Yesterday I served as a judge for some local entrepreneurship awards, which was led by a relatively prominent member of the community. I’ve been mingling with those types quite a bit lately, and I can’t help but wonder sometimes how they got to where they’re at. I’m sure they must be smart and accomplished, but their speaking/leadership skills leave me baffled. I’m not one to self-promote, but it’s kind of sad that I was one of the most articulate and thoughtfully confident participants in the session…especially since I was also among the youngest.

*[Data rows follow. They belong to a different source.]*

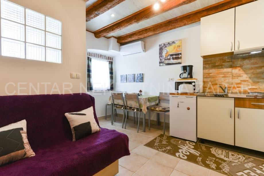 U prizemlju desne kuće nalazi se velika prostorija za prijateljska okupljanja, a na katu je jednosobni stan s malom terasom pred ulazom. U lijevoj kući je pet studio apartmana – dva u prizemlju i tri na katu, u koje se ulazi sa zajedničke terase. Svi apartmani su klimatizirani, potpuno opremljeni i uspješno se iznajmljuju. Moguće je uređenje još dva manja apartmana.
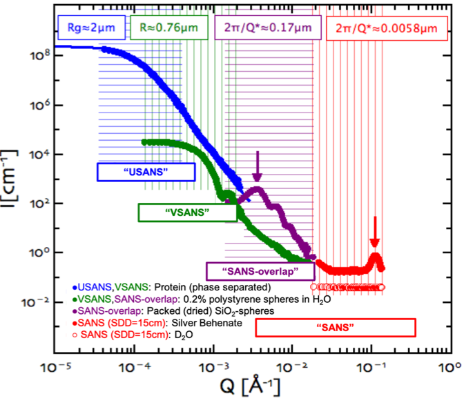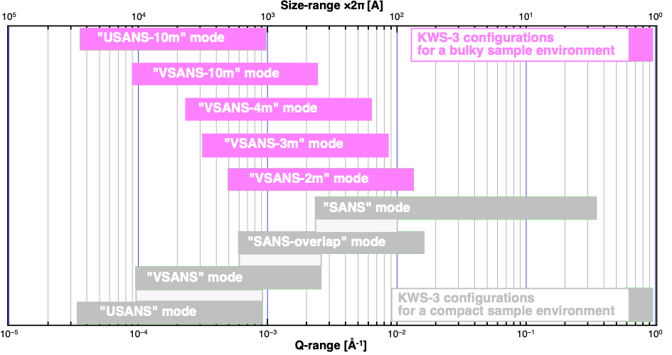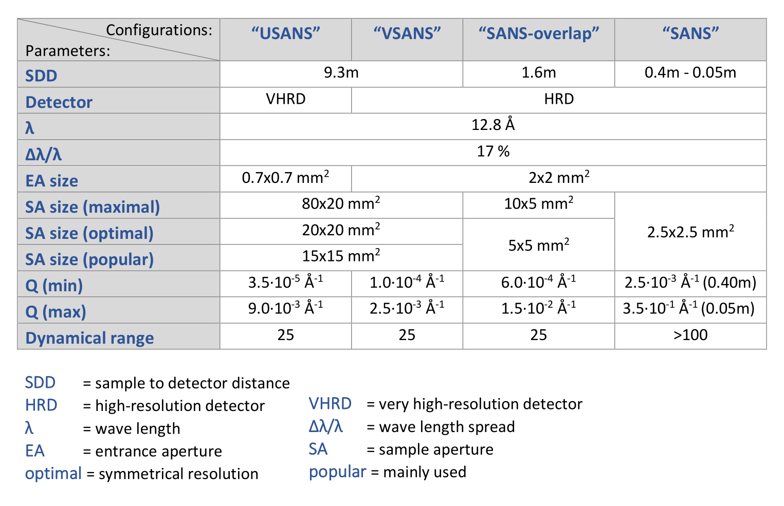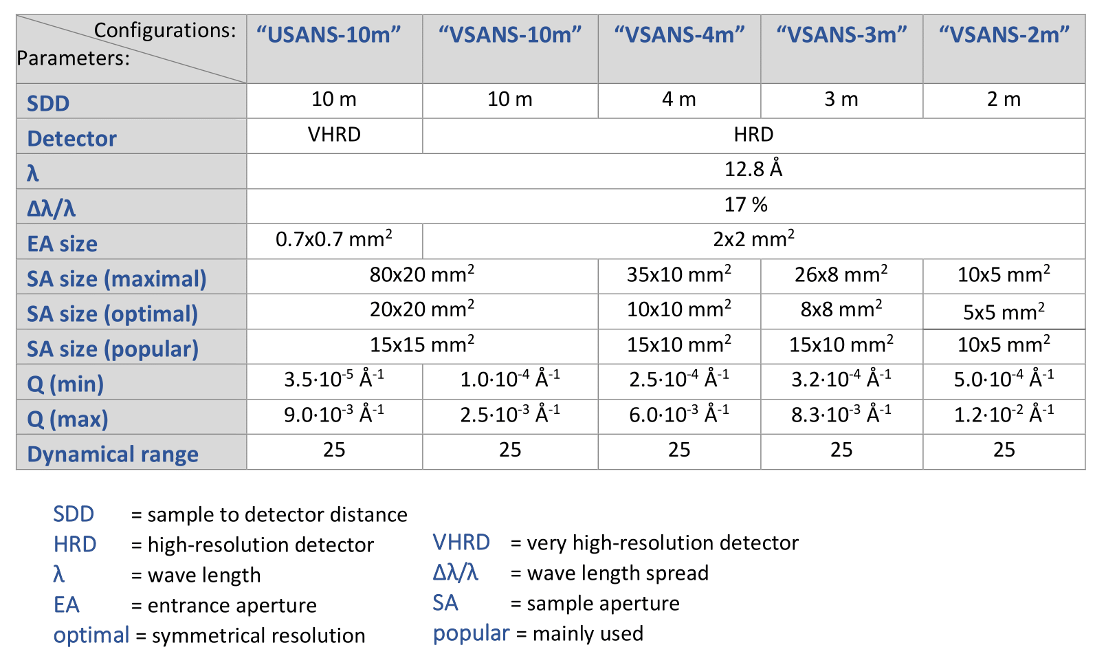 The instrument’s standard configuration “VSANS” with a 9.3 m sample-to-detector-distance (SDD) and 2 × 2 mm2 entrance aperture (EA) allows performing scattering experiments with a wave vector transfer resolution between 1.0 ×10-4 and 2.5 ×10-3 Å-1.
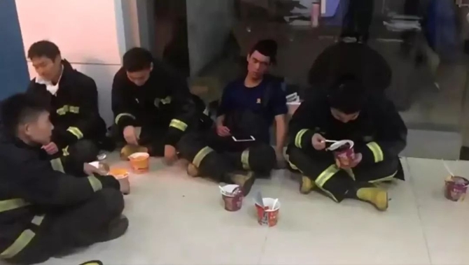 11月25日凌晨,江西南昌进贤县,消防指战员经过长时间鏖战,成功扑救完一建筑物火灾。因天气突然变冷,风很大,全体指战员坚守现场防止复燃,疲惫不堪的战斗员轮流吃方便面充饥。

Makes me feel like I could take over the world though, if I really wanted to!

It’s the Small Things

I just want to take a moment to rejoice at the condition of my hair and my eyelashes these days. For years, both were in such bad shape, mostly due to over-processing and the abuse of clip-in extensions and falsies during my Bad Kitty days. Those were a ton of fun, but they really did take such a toll, especially after crashing with them still in… no bueno. Literally, my hair was clean ripped off in some places (I just played them off as choppy layers…)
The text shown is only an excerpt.